== What is needed ==
From the entries below, reproduce exactly the lines from the one with "Parker 6382 56" through the one with "Укороченная футболка со", both included, without images.

─── Entries shown ───

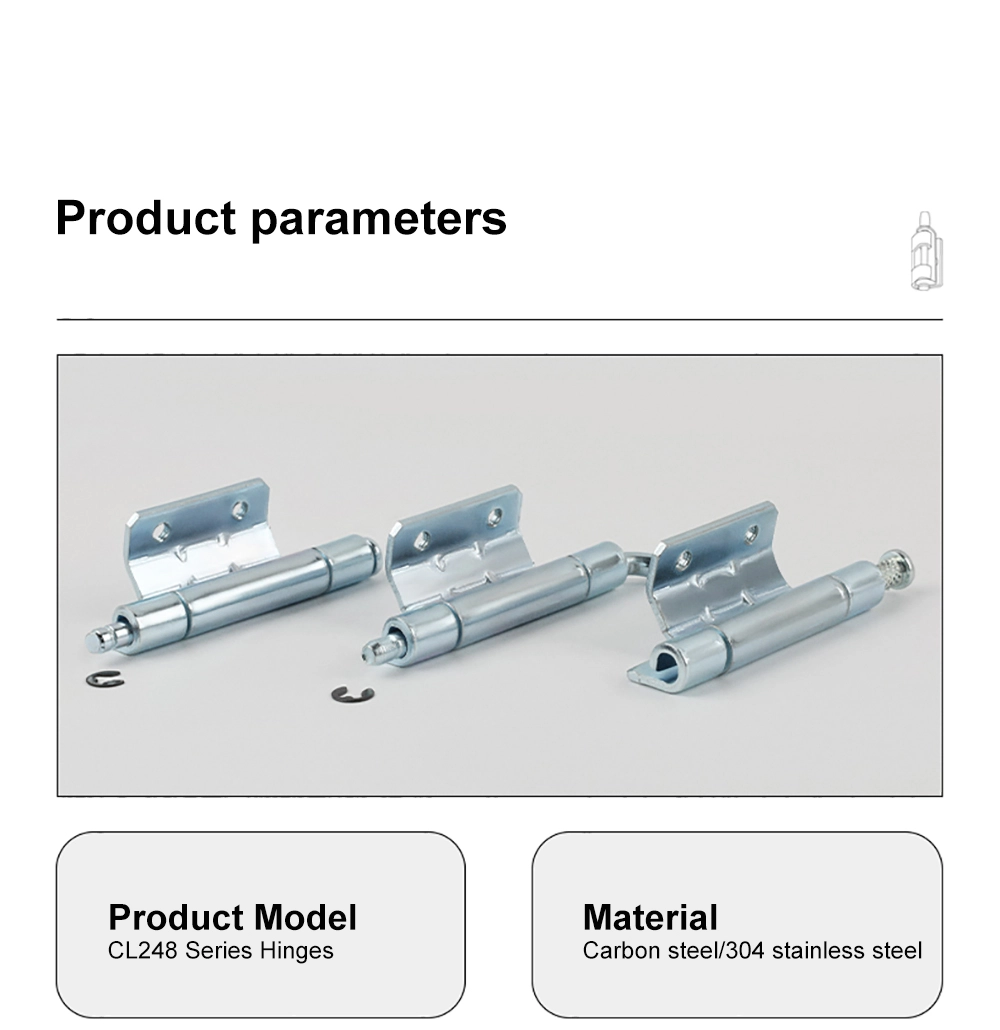 La charnière pivotante du tableau de distribution prend en charge la fixation par vis et l'installation par soudage. Le montage par vis convient aux armoires en tôle standard, tandis que le soudage est utilisé sur les cadres nécessitant un positionnement permanent des charnières. La charnière pivotante pour tableau de distribution CL248 s'adapte à différents processus de fabrication de boîtiers et maintient l'installation stable sur les armoires électriques et les boîtiers de base.
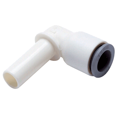 Parker 6382 56 00WP2 1/4" LIQUIfit® Series White Bio-Based Polymer 90° Elbow, Push-To-Connect x Tube Stem, EPDM O-Ring, Stainless Steel Gripping Ring
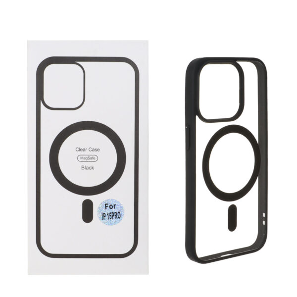 قاب شفاف Apple iPhone 15 Pro با قابلیت شارژ MagSafe – مشکی (پک دار)
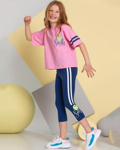 Укороченная футболка со спущенным рукавом  и бриджи делают летний комплект оригинальным и стильным.  Костюм выполнен из мягкого трикотажа кулирка.
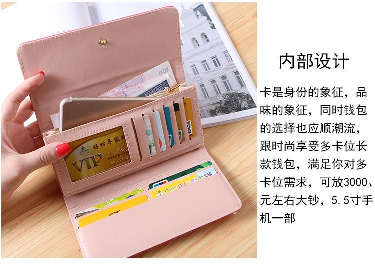 새 지갑 여성용 대용량 클러치 백 휴대 전화 가방 학생 동전 지갑 패션 긴 여성용 가죽 클램프 백 카드 가방스토어 가기
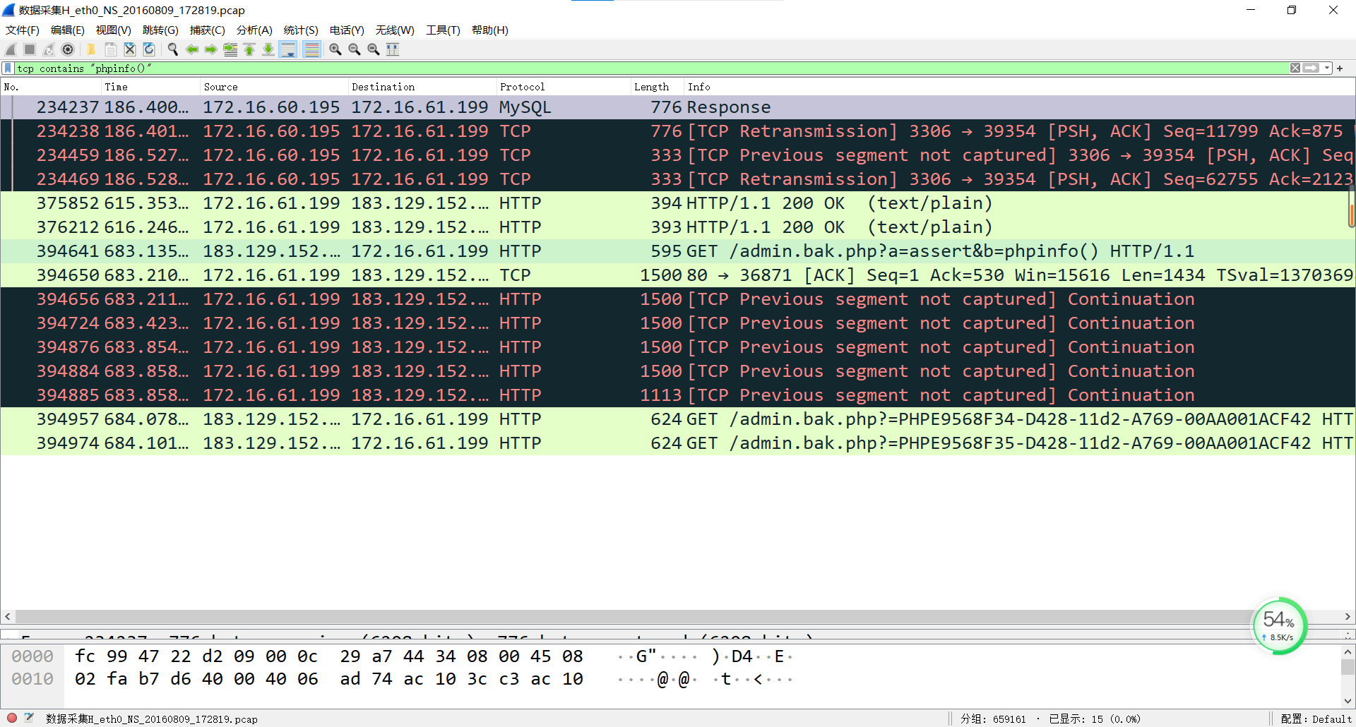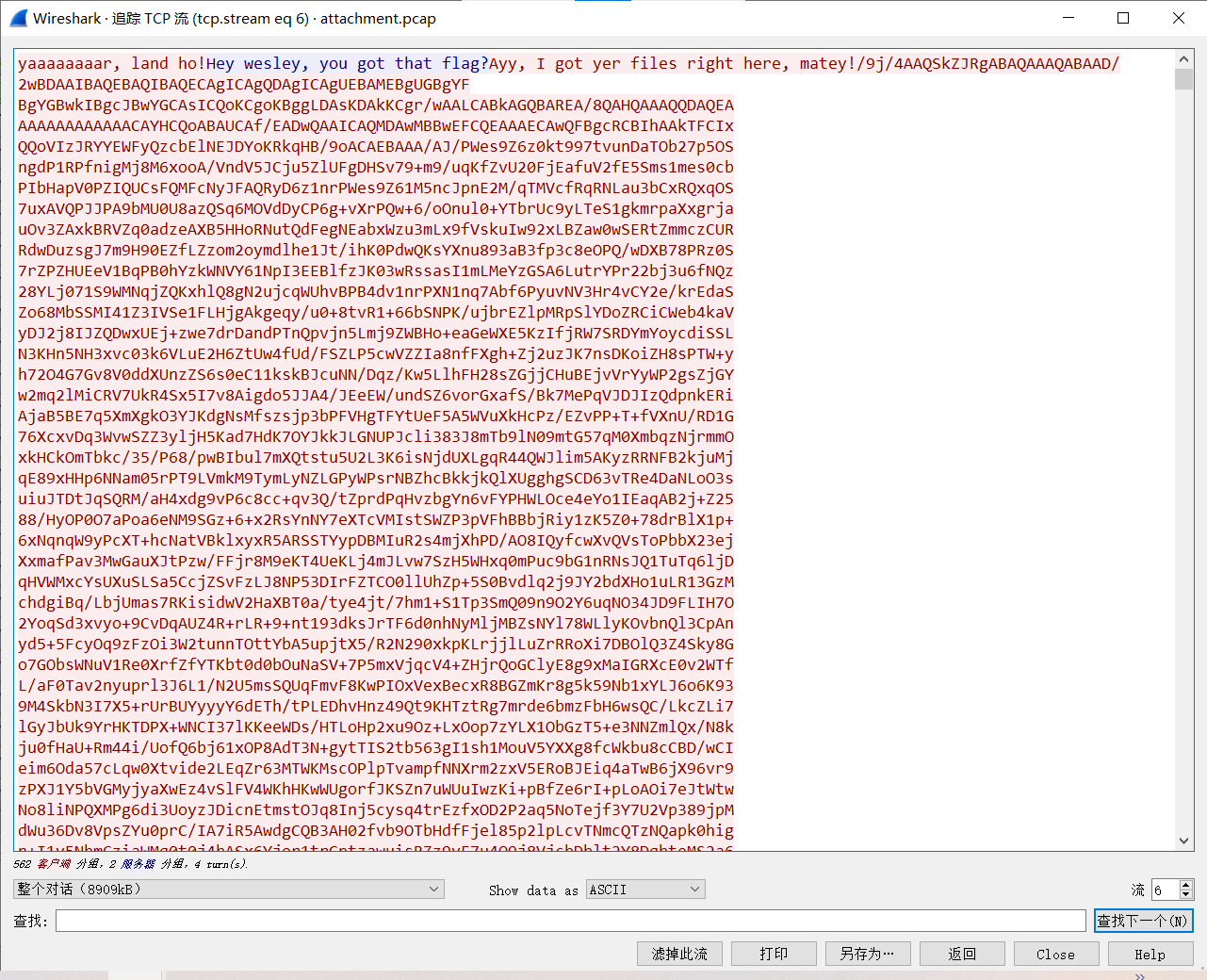 题目给了一个流量包,然后追踪tcp流
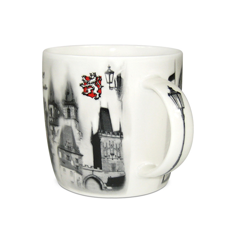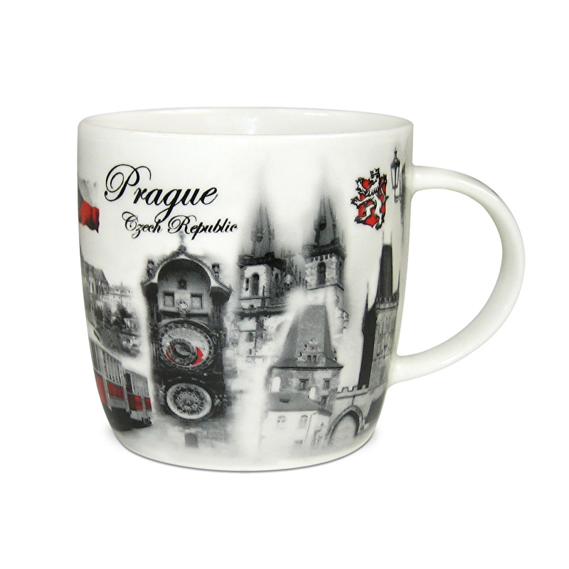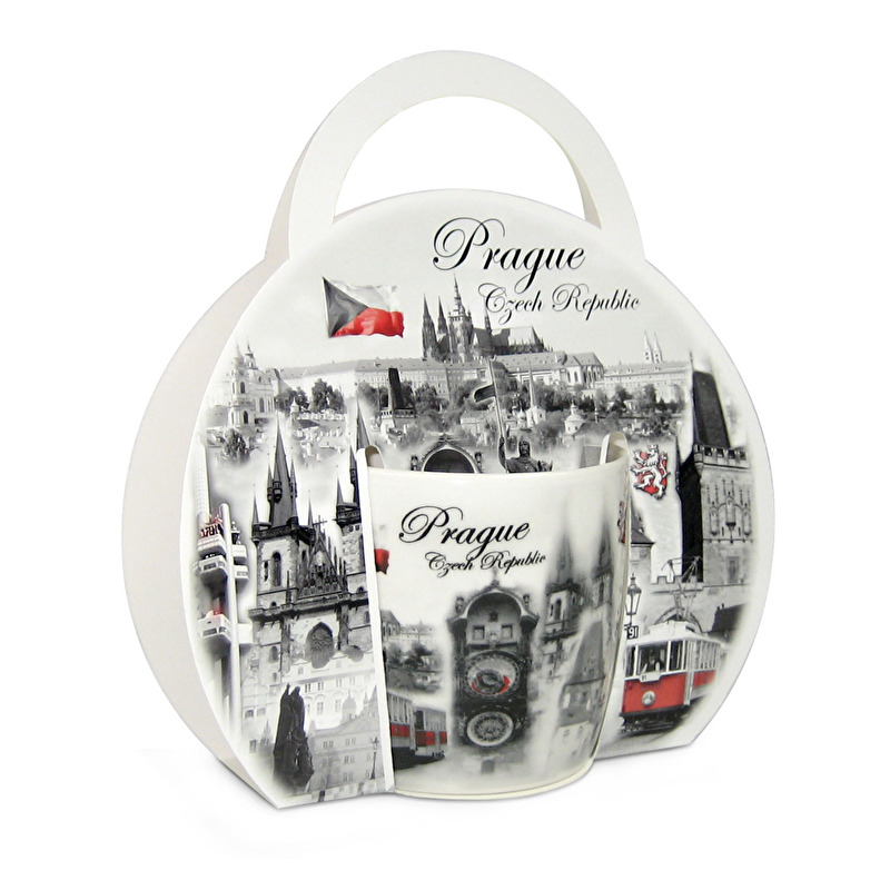 Dárkově zabalený hrnek s potiskem černobílé Prahy s červenu historickou tramvají.
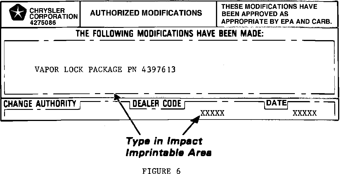 2. Type in Authorized Modification Label, PN 4275086, as shown in Figure 6 and attached near VECI label.
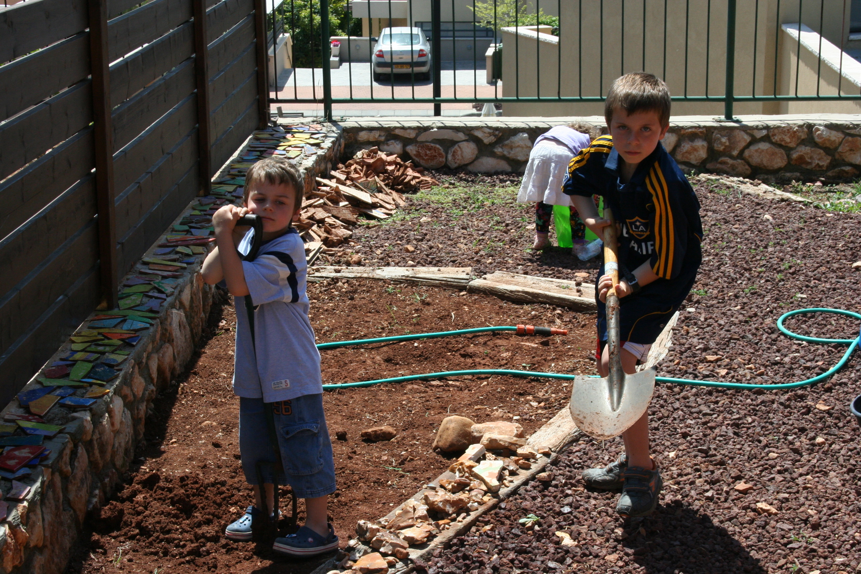 Boys working the land
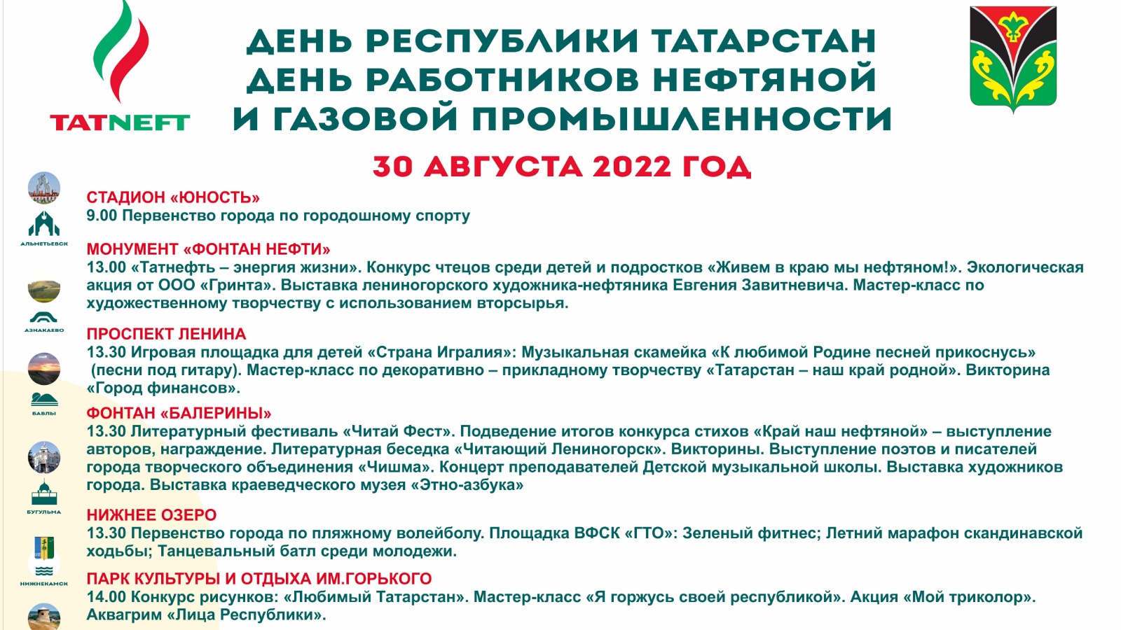Афиша праздничных мероприятий, посвященных Дню Республики Татарстан и Дню работников нефтяной и газовой промышленности, которые пройдут 30 августа 2022 года.

───

== Task result ==
 Parker 6382 56 00WP2 1/4" LIQUIfit® Series White Bio-Based Polymer 90° Elbow, Push-To-Connect x Tube Stem, EPDM O-Ring, Stainless Steel Gripping Ring
 قاب شفاف Apple iPhone 15 Pro با قابلیت شارژ MagSafe – مشکی (پک دار)
 Укороченная футболка со спущенным рукавом  и бриджи делают летний комплект оригинальным и стильным.  Костюм выполнен из мягкого трикотажа кулирка.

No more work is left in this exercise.